→ **TASK INPUT**:
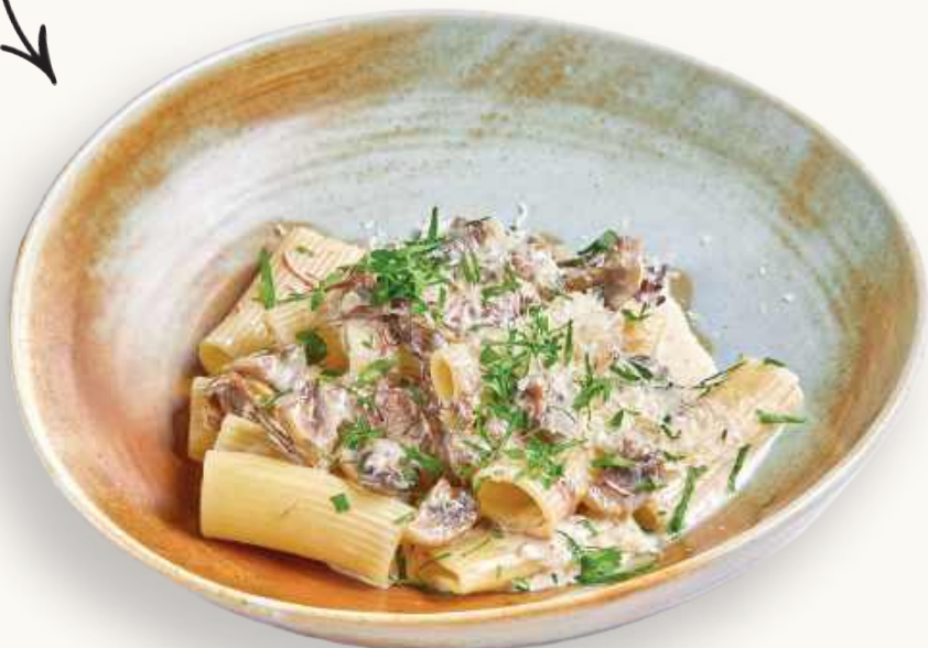
Ризатони Том-Ям 690 р.
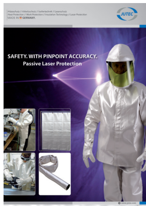
Ochranné pomůcky pro pasivní laserovou ochranu
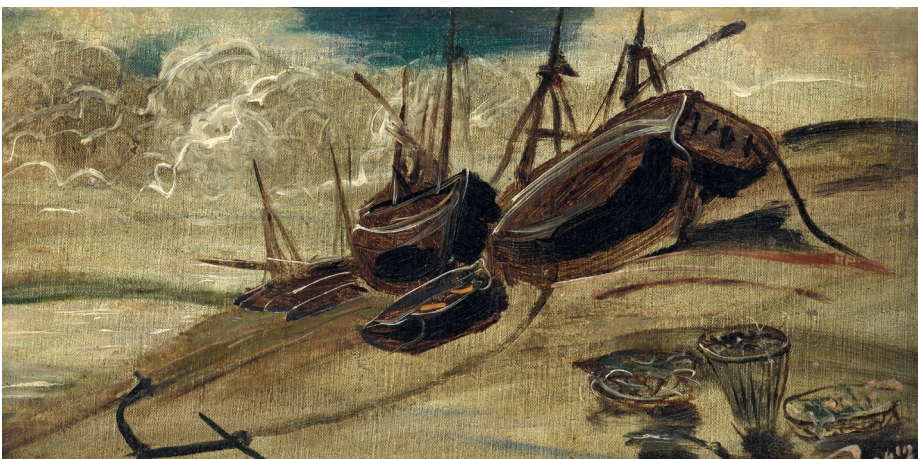
ANDRÉ DERAÏN (1880-1954) BARQUES ÉCHOUÉES ET PANIERS À HUITRES, CIRCA 1936. HUILE SUR TOILE MAROULÉE. SIGNÉ. 17X33 CM
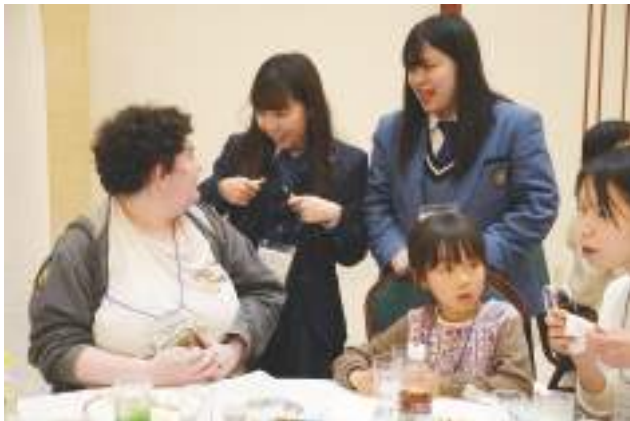
▲記念レセプションで交流する両市の高校生
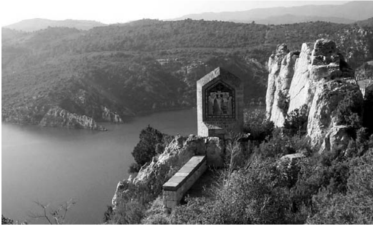
José Alzuet Aibar, Vía crucis procesional, 1985/86.

verdad se derretía en mi corazón, y con esto se inflamaba el afecto de piedad, y corrían las lágrimas, y me iba bien con ella» 26 .
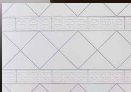
水まわりにはインポートもののタイルを採用。三角形に割ったものを組み合わせることでより個性的なデザインに仕上げている。
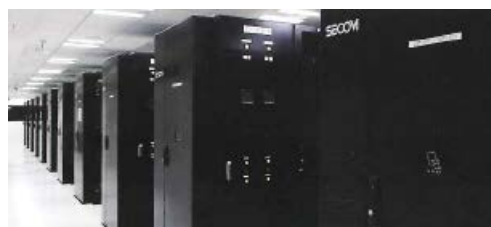
▲セコムあんしん情報センター
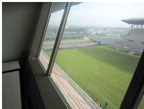
上部からはフィールド全体を見渡せる
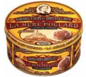
50055. Boîte fer de caramels durs et croustillants
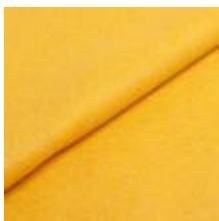
Wooly 2272 Dijon 1039009
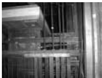
Manxa actual en repòs.
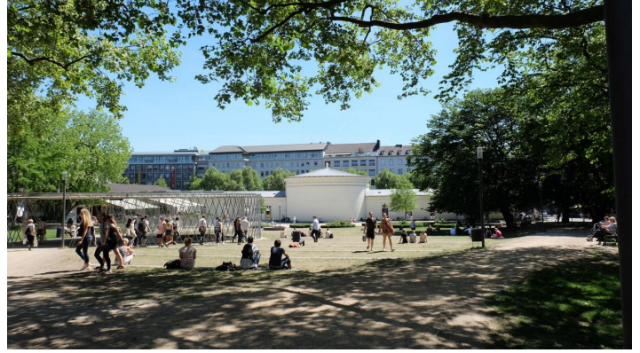
Eisengarten Aachen
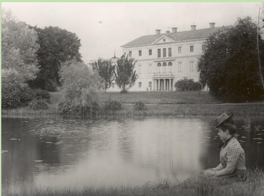
Sävstaholms slott inbäddat i grönska, tidigt 1900-tal.

Det var dock inte bara det vackra och exotiska som fick plats i grevens trädgård. En köksträdgård fanns också, indelad i kvarter för de olika växterna. Här odlades köks-
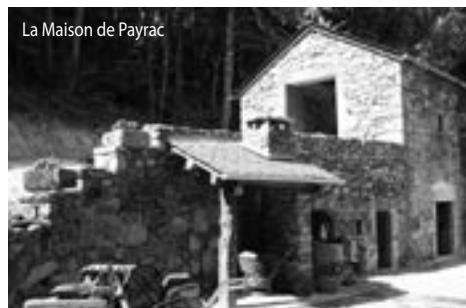
La Maison de Payrac
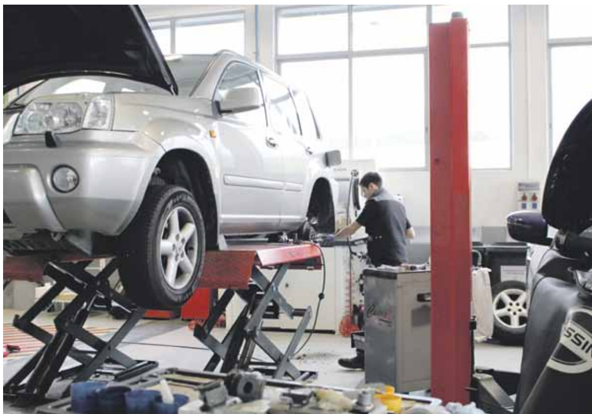
Gaurako tailerraren irudia.
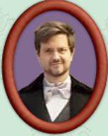
Prof. Friedrich Bhaer Der deutsche Professor übersetzt Goethe und Schiller ins Englische.
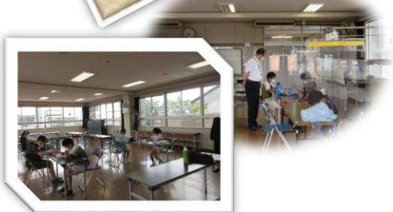
『夏休み宿題サポート』（青少年対象）
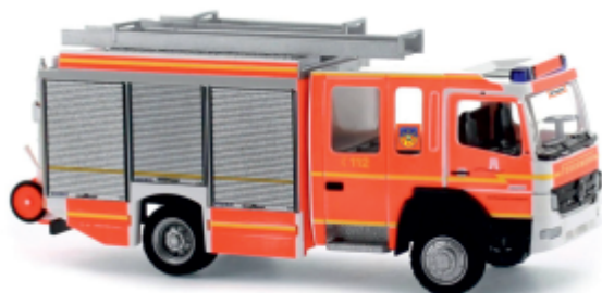
IVECO MAGIRUS LOHR Alufire 3 „Feuerwehr Hamburg - Bergedorf“ 68918 | 1:87 | D | PG 43

→ **WHAT YOU NEED TO DO**:
Only the lines from the one containing "La Maison de Payrac" through the end of the records above should be retyped, exactly as they stand, with any pictures left out.

→ **ANSWER SPACE**:
La Maison de Payrac
Gaurako tailerraren irudia.
Prof. Friedrich Bhaer Der deutsche Professor übersetzt Goethe und Schiller ins Englische.
『夏休み宿題サポート』（青少年対象）
IVECO MAGIRUS LOHR Alufire 3 „Feuerwehr Hamburg - Bergedorf“ 68918 | 1:87 | D | PG 43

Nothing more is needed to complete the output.